**Problem to solve:** In the data below, find the line that contains "瑞安市寶德隆機械配件有限公司" and the line that contains "TEVTA Wood Working Service Center Jobs 2021". Copy both, plus every line between them, exactly.

**Records for the task:**

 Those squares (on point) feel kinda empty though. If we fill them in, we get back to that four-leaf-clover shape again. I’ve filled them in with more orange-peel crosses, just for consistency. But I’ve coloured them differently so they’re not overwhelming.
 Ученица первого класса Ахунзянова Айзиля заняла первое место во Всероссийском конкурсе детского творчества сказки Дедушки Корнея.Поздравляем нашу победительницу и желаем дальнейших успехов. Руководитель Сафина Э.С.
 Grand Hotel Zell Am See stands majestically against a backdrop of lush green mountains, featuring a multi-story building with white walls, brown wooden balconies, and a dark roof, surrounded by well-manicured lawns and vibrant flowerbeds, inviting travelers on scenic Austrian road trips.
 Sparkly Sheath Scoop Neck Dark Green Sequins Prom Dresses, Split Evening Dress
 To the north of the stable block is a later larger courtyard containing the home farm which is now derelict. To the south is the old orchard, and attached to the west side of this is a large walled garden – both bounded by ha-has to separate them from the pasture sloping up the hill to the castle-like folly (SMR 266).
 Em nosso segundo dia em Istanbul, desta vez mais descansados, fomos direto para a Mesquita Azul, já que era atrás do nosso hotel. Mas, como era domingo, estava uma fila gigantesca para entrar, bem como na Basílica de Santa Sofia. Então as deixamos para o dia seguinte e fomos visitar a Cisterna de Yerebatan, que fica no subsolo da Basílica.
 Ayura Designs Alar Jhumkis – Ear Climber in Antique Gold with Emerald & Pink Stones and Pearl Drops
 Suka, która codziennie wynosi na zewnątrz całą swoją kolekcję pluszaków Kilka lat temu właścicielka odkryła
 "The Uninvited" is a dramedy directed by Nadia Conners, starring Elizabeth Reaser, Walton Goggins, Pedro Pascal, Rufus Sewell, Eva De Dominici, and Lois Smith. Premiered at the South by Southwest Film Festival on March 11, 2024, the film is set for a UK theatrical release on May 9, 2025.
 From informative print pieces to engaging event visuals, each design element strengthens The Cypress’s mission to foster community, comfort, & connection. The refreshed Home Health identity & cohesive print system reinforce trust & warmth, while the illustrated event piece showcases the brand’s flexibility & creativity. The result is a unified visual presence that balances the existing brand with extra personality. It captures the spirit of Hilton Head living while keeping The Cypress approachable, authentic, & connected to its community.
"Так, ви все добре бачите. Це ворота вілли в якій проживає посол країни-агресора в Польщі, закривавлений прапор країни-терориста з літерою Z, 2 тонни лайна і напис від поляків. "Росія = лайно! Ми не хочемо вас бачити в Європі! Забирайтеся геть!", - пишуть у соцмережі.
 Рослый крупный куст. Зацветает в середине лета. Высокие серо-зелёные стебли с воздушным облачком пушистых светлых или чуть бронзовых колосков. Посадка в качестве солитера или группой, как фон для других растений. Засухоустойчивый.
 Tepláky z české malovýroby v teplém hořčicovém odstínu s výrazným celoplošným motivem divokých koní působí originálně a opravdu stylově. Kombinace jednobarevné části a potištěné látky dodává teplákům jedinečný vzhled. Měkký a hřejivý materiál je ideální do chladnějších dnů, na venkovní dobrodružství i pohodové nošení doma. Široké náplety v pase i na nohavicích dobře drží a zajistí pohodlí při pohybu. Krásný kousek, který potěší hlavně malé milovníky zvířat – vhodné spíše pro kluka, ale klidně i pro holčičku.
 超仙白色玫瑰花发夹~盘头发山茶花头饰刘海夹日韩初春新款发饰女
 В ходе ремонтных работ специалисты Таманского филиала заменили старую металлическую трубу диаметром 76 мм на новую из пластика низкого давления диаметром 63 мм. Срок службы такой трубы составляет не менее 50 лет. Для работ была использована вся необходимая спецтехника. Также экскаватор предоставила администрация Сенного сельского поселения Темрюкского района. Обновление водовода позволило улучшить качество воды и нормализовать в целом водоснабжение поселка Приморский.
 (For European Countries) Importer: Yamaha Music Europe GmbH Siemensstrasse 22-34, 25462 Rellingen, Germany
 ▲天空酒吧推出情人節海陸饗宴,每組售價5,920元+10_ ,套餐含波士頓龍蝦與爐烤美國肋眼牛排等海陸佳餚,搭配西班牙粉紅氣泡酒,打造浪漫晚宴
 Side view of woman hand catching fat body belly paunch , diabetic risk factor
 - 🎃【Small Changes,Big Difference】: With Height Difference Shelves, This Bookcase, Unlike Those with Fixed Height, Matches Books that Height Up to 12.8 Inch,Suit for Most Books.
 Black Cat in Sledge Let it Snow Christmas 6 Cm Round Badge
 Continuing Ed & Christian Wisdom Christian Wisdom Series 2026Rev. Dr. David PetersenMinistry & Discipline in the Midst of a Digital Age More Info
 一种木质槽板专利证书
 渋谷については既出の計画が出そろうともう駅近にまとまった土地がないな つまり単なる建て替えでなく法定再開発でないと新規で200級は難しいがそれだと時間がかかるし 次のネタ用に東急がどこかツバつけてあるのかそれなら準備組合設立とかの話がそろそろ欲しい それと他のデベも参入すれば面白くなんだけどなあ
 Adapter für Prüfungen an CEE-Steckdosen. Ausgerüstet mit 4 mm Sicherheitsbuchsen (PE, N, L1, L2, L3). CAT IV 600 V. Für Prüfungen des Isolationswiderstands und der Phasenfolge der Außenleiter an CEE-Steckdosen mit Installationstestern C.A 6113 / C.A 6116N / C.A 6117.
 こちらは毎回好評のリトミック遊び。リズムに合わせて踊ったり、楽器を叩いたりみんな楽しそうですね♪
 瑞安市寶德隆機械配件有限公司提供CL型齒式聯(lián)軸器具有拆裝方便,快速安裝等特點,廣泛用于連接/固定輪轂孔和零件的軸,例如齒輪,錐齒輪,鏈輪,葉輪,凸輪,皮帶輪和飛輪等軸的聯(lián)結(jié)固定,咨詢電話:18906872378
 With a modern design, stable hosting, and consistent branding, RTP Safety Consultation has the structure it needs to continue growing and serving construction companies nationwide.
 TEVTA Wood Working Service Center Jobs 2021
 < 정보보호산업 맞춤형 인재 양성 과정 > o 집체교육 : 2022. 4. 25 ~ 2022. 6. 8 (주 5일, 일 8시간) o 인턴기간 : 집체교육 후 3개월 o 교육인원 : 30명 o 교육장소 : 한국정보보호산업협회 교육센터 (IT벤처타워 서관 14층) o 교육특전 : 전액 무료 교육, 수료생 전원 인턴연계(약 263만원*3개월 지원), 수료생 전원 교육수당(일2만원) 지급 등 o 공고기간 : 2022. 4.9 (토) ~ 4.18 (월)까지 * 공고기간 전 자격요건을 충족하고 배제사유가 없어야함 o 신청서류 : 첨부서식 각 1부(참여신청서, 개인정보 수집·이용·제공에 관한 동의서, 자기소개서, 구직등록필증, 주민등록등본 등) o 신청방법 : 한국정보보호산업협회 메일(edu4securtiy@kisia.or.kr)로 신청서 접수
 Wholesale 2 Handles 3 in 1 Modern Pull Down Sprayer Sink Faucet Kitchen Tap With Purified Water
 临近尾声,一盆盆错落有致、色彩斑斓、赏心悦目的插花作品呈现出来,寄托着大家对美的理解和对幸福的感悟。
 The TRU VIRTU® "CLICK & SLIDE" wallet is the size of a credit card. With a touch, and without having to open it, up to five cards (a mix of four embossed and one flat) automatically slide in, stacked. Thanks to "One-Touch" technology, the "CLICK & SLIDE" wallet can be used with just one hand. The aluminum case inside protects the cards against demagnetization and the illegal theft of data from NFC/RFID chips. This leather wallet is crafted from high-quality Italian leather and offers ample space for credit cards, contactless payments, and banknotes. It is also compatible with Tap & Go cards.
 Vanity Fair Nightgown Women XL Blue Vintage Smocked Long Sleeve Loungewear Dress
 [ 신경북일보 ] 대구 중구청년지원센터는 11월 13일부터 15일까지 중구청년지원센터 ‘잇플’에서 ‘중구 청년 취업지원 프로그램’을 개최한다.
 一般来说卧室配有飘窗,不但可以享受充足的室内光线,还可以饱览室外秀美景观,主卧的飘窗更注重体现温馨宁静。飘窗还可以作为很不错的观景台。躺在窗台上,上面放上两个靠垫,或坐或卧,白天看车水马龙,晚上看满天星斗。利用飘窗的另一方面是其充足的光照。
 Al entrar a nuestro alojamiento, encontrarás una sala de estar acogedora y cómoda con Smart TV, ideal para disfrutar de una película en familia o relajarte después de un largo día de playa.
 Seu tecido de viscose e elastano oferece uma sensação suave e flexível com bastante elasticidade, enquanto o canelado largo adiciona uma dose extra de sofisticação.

**Problem solution:**
 瑞安市寶德隆機械配件有限公司提供CL型齒式聯(lián)軸器具有拆裝方便,快速安裝等特點,廣泛用于連接/固定輪轂孔和零件的軸,例如齒輪,錐齒輪,鏈輪,葉輪,凸輪,皮帶輪和飛輪等軸的聯(lián)結(jié)固定,咨詢電話:18906872378
 With a modern design, stable hosting, and consistent branding, RTP Safety Consultation has the structure it needs to continue growing and serving construction companies nationwide.
 TEVTA Wood Working Service Center Jobs 2021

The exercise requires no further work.